§ TASK INPUT:
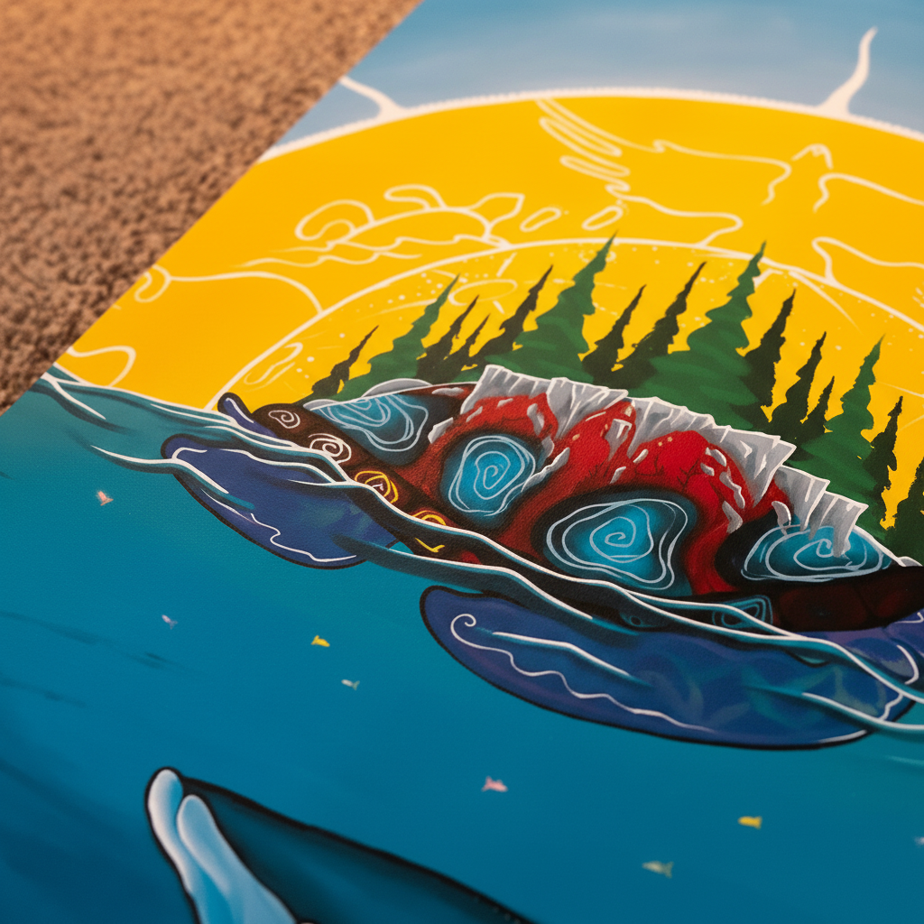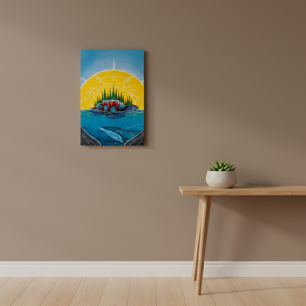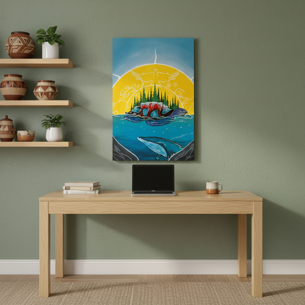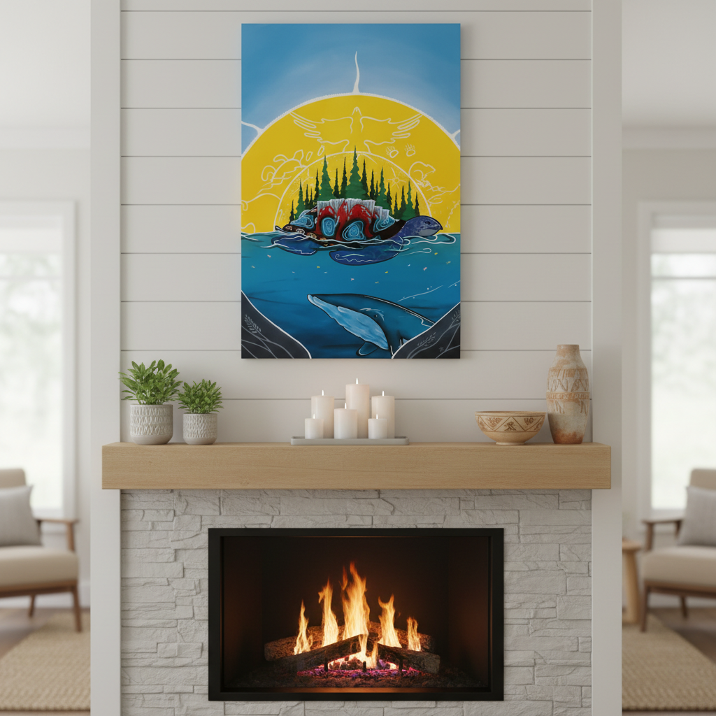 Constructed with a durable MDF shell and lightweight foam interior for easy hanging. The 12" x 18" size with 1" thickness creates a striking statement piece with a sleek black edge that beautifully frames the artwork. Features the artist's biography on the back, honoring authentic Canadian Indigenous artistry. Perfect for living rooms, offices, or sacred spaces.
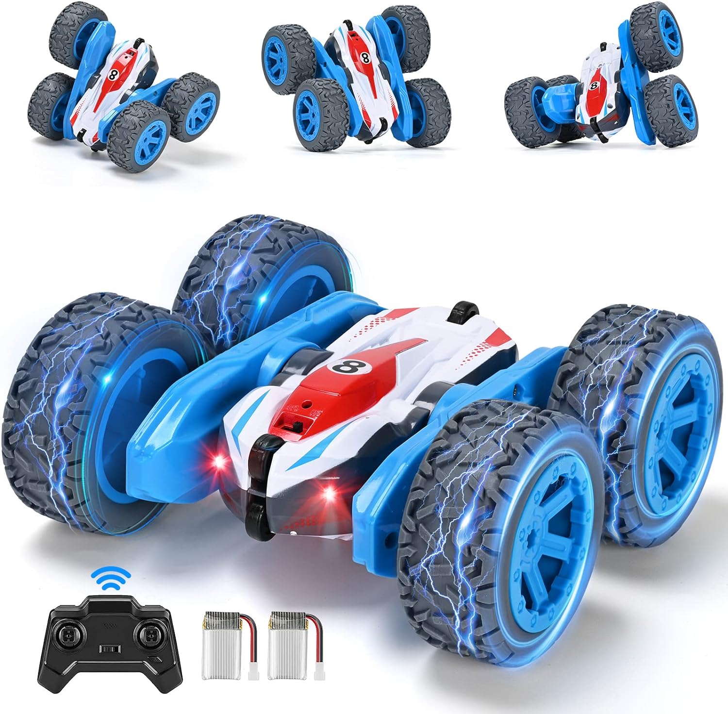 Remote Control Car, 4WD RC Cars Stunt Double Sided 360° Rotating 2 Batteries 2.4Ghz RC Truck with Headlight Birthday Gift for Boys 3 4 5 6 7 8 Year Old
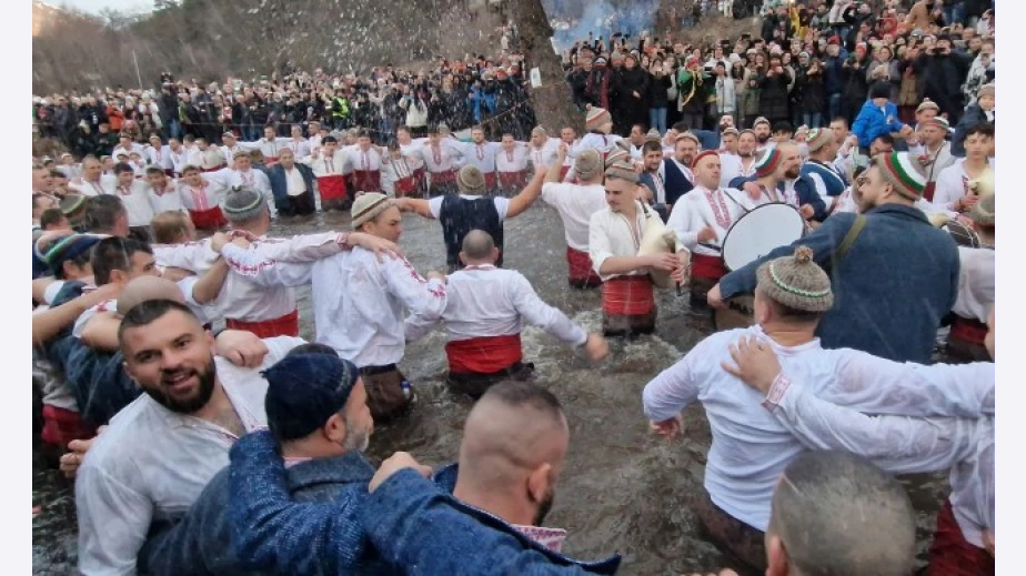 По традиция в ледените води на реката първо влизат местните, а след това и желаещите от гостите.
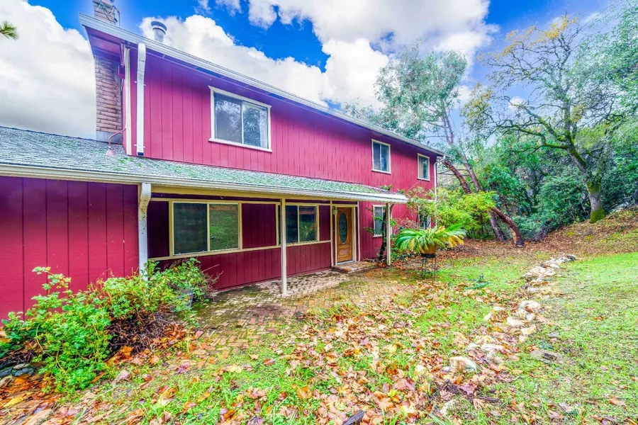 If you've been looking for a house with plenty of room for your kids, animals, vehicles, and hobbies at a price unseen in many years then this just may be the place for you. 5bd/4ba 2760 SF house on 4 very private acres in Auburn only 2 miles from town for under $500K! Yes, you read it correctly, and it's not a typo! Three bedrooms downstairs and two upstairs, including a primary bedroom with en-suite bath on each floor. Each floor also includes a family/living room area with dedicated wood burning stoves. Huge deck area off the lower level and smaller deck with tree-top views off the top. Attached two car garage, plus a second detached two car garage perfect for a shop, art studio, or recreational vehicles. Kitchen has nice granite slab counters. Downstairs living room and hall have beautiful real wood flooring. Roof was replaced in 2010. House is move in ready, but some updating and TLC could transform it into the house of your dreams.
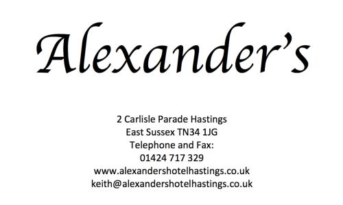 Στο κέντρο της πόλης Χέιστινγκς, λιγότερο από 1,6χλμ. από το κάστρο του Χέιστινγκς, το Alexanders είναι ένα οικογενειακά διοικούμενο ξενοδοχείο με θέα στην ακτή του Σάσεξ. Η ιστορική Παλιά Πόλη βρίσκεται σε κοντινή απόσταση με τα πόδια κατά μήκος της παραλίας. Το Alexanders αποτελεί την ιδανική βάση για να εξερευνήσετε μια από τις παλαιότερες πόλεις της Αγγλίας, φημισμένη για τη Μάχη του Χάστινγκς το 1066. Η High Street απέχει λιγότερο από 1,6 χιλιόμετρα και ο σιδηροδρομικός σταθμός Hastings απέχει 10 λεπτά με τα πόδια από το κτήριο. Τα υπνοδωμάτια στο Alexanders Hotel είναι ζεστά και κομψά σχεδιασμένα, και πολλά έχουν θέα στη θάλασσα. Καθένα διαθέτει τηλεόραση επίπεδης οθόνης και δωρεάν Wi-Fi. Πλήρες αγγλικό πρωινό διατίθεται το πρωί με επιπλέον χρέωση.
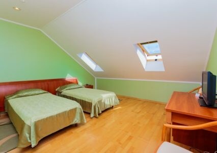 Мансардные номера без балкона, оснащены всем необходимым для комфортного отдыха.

* * *

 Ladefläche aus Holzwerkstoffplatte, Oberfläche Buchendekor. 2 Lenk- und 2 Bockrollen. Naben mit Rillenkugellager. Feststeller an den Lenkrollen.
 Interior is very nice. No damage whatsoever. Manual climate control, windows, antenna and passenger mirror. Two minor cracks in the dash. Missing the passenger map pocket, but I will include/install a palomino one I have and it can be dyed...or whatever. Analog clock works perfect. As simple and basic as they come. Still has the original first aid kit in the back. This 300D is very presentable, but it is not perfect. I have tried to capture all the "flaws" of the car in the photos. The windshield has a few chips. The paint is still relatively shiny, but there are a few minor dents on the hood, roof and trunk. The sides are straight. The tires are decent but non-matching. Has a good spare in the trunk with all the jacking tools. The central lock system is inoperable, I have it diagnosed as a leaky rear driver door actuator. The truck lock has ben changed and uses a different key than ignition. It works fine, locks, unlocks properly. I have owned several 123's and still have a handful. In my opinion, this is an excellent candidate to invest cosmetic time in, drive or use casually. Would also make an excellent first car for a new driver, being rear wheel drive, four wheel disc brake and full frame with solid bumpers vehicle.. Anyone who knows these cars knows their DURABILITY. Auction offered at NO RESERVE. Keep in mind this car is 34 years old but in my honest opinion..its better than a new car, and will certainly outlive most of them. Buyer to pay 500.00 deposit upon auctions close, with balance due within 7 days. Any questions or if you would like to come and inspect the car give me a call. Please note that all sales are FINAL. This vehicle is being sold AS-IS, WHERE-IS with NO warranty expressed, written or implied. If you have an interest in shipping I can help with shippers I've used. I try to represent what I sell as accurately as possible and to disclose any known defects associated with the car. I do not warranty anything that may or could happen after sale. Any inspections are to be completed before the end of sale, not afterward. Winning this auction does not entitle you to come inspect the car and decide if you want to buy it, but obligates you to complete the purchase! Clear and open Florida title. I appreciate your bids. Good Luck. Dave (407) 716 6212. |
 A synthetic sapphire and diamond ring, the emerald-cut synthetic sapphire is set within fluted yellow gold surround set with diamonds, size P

§ WORK ITEM:
Copy back exactly the lines above from the one containing "Constructed with a" through the one containing "По традиция в", and leave every picture behind.

§ RESULT FOR THIS TASK:
 Constructed with a durable MDF shell and lightweight foam interior for easy hanging. The 12" x 18" size with 1" thickness creates a striking statement piece with a sleek black edge that beautifully frames the artwork. Features the artist's biography on the back, honoring authentic Canadian Indigenous artistry. Perfect for living rooms, offices, or sacred spaces.
 Remote Control Car, 4WD RC Cars Stunt Double Sided 360° Rotating 2 Batteries 2.4Ghz RC Truck with Headlight Birthday Gift for Boys 3 4 5 6 7 8 Year Old
 По традиция в ледените води на реката първо влизат местните, а след това и желаещите от гостите.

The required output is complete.